* _TASK_: Transcribe the listing below word for word but skip its images.

* _DATA BLOCK_:
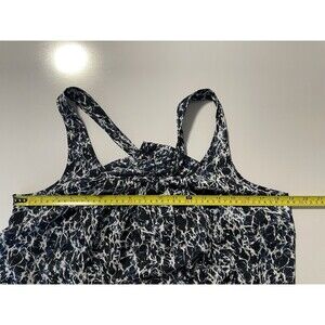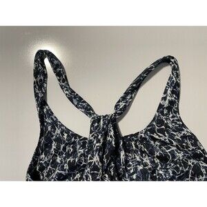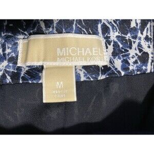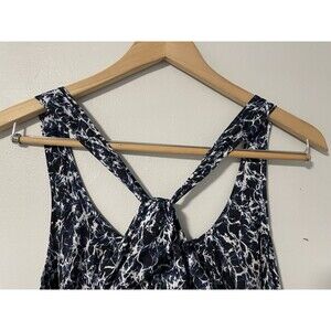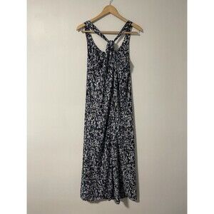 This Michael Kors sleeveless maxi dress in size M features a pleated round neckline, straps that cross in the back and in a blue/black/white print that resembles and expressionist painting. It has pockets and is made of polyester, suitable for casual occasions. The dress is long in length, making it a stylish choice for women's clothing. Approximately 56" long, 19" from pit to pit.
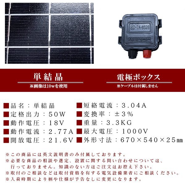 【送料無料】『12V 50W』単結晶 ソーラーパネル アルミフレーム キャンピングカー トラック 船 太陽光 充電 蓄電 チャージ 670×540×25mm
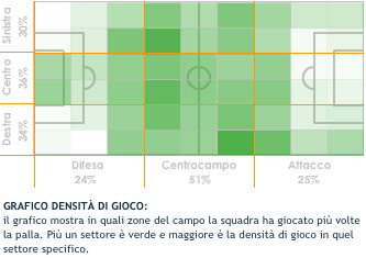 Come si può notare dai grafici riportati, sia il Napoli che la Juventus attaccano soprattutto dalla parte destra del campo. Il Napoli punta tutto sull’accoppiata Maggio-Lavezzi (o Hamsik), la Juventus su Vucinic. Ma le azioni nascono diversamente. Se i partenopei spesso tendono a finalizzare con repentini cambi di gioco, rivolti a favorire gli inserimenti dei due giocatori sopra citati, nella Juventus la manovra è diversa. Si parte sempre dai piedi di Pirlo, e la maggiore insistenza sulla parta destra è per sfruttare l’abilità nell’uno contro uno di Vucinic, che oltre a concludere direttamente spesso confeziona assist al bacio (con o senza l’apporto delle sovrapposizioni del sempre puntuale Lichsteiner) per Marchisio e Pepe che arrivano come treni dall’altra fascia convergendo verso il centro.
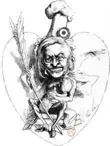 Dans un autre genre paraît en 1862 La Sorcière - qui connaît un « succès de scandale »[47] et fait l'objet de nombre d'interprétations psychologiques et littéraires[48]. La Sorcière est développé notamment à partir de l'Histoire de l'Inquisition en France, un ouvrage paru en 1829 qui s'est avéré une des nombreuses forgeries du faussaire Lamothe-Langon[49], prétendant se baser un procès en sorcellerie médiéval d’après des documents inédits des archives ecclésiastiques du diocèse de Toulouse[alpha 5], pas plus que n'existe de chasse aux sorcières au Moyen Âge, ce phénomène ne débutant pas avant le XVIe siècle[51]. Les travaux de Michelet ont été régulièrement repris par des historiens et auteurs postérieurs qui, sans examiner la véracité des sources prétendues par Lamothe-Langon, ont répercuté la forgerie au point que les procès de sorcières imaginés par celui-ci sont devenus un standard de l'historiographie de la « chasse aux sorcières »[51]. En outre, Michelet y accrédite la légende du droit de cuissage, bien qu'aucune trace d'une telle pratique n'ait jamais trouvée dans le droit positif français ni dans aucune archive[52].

* _ANSWER SPACE_:
 This Michael Kors sleeveless maxi dress in size M features a pleated round neckline, straps that cross in the back and in a blue/black/white print that resembles and expressionist painting. It has pockets and is made of polyester, suitable for casual occasions. The dress is long in length, making it a stylish choice for women's clothing. Approximately 56" long, 19" from pit to pit.
 【送料無料】『12V 50W』単結晶 ソーラーパネル アルミフレーム キャンピングカー トラック 船 太陽光 充電 蓄電 チャージ 670×540×25mm
 Come si può notare dai grafici riportati, sia il Napoli che la Juventus attaccano soprattutto dalla parte destra del campo. Il Napoli punta tutto sull’accoppiata Maggio-Lavezzi (o Hamsik), la Juventus su Vucinic. Ma le azioni nascono diversamente. Se i partenopei spesso tendono a finalizzare con repentini cambi di gioco, rivolti a favorire gli inserimenti dei due giocatori sopra citati, nella Juventus la manovra è diversa. Si parte sempre dai piedi di Pirlo, e la maggiore insistenza sulla parta destra è per sfruttare l’abilità nell’uno contro uno di Vucinic, che oltre a concludere direttamente spesso confeziona assist al bacio (con o senza l’apporto delle sovrapposizioni del sempre puntuale Lichsteiner) per Marchisio e Pepe che arrivano come treni dall’altra fascia convergendo verso il centro.
 Dans un autre genre paraît en 1862 La Sorcière - qui connaît un « succès de scandale »[47] et fait l'objet de nombre d'interprétations psychologiques et littéraires[48]. La Sorcière est développé notamment à partir de l'Histoire de l'Inquisition en France, un ouvrage paru en 1829 qui s'est avéré une des nombreuses forgeries du faussaire Lamothe-Langon[49], prétendant se baser un procès en sorcellerie médiéval d’après des documents inédits des archives ecclésiastiques du diocèse de Toulouse[alpha 5], pas plus que n'existe de chasse aux sorcières au Moyen Âge, ce phénomène ne débutant pas avant le XVIe siècle[51]. Les travaux de Michelet ont été régulièrement repris par des historiens et auteurs postérieurs qui, sans examiner la véracité des sources prétendues par Lamothe-Langon, ont répercuté la forgerie au point que les procès de sorcières imaginés par celui-ci sont devenus un standard de l'historiographie de la « chasse aux sorcières »[51]. En outre, Michelet y accrédite la légende du droit de cuissage, bien qu'aucune trace d'une telle pratique n'ait jamais trouvée dans le droit positif français ni dans aucune archive[52].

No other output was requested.